Dataset content –
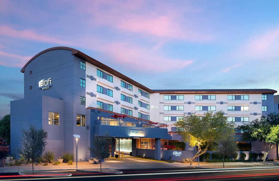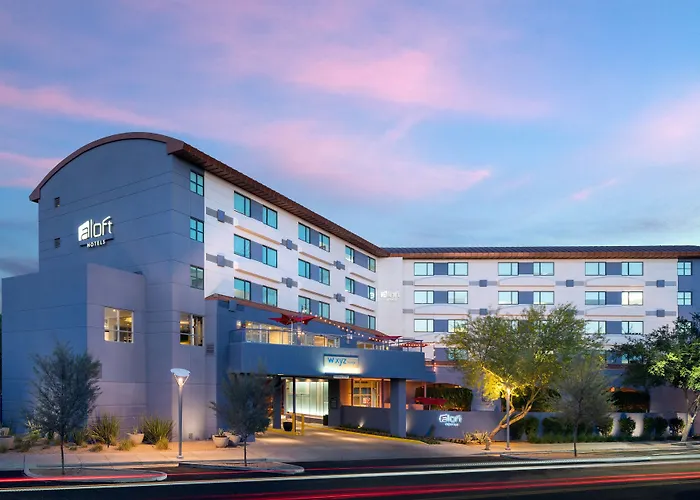 Aloft Scottsdale, a 3-star hotel rated 8.3/10 on Booking.com, offers modern accommodations with a trendy, minimalist design. Key amenities include a fitness center, an outdoor swimming pool, and on-site dining options at the W XYZ bar, serving light bites and craft cocktails.
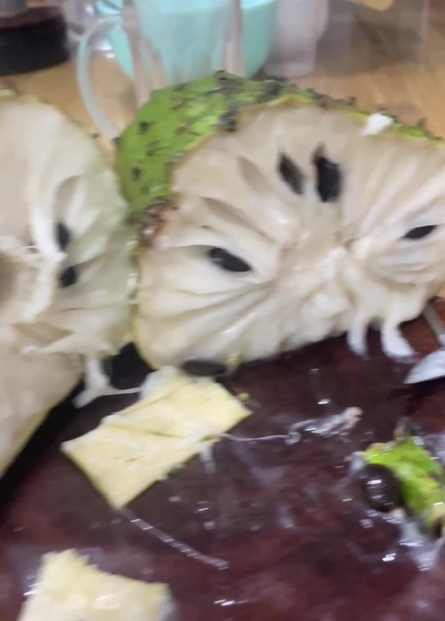 cut soursop fruit on a wooden cutting board. The fruit is green on the outside and white on the inside, with black seeds visible. A hand picks up one half of the fruit to show the inside, before putting it back down on the board. There are a few pieces of cut soursop on the board. In the background, there are mugs and a potted plant. The lighting is bright and the scene is indoors.
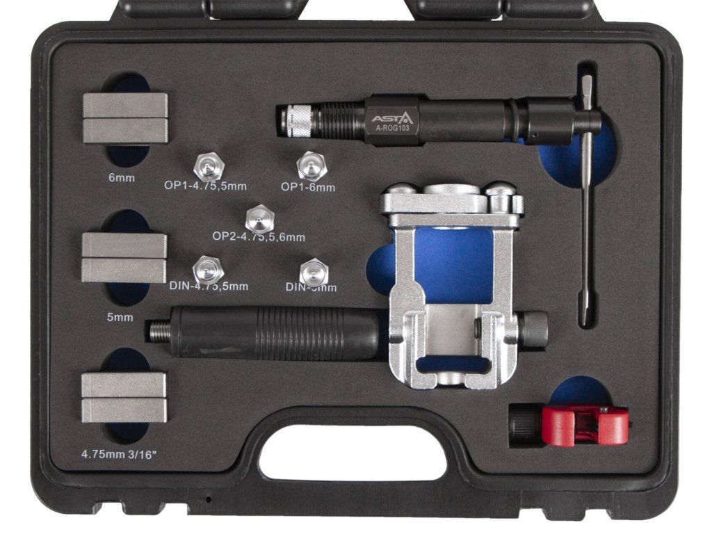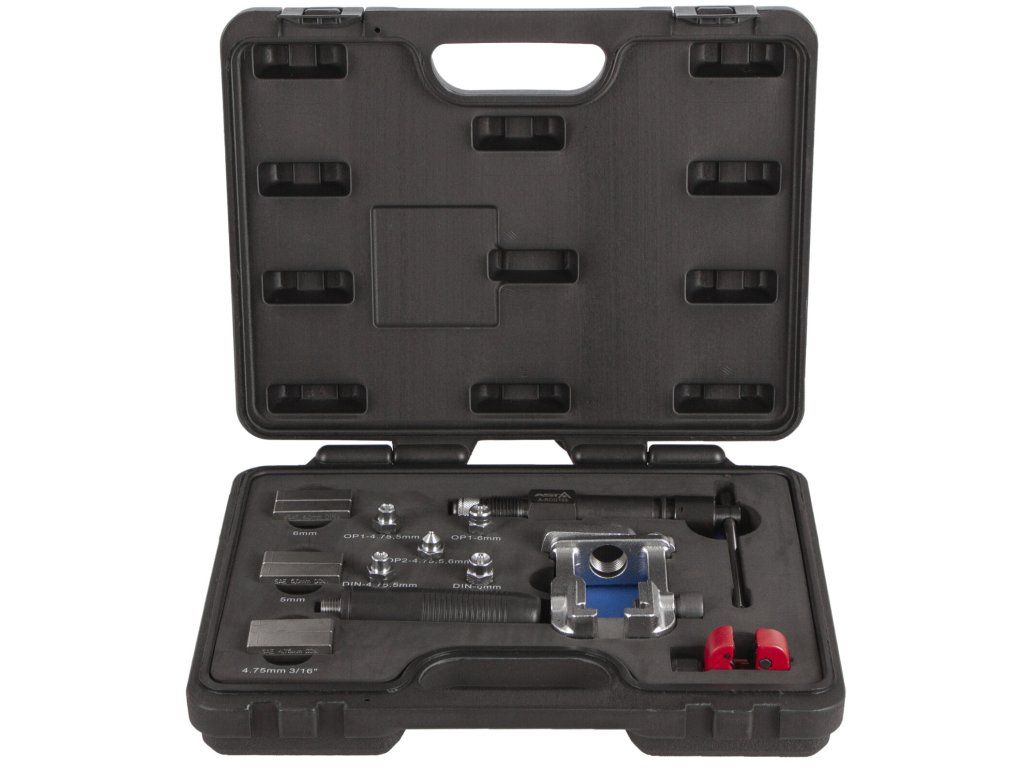 - Přípravek umožňuje vytvořit připojovací sedla na brzdovém potrubí světlosti 4.75, 5 a 6 mm.

Work to complete –
Give every line above again exactly, omitting whatever pictures appear.

Problem solution –
 Aloft Scottsdale, a 3-star hotel rated 8.3/10 on Booking.com, offers modern accommodations with a trendy, minimalist design. Key amenities include a fitness center, an outdoor swimming pool, and on-site dining options at the W XYZ bar, serving light bites and craft cocktails.
 cut soursop fruit on a wooden cutting board. The fruit is green on the outside and white on the inside, with black seeds visible. A hand picks up one half of the fruit to show the inside, before putting it back down on the board. There are a few pieces of cut soursop on the board. In the background, there are mugs and a potted plant. The lighting is bright and the scene is indoors.
 - Přípravek umožňuje vytvořit připojovací sedla na brzdovém potrubí světlosti 4.75, 5 a 6 mm.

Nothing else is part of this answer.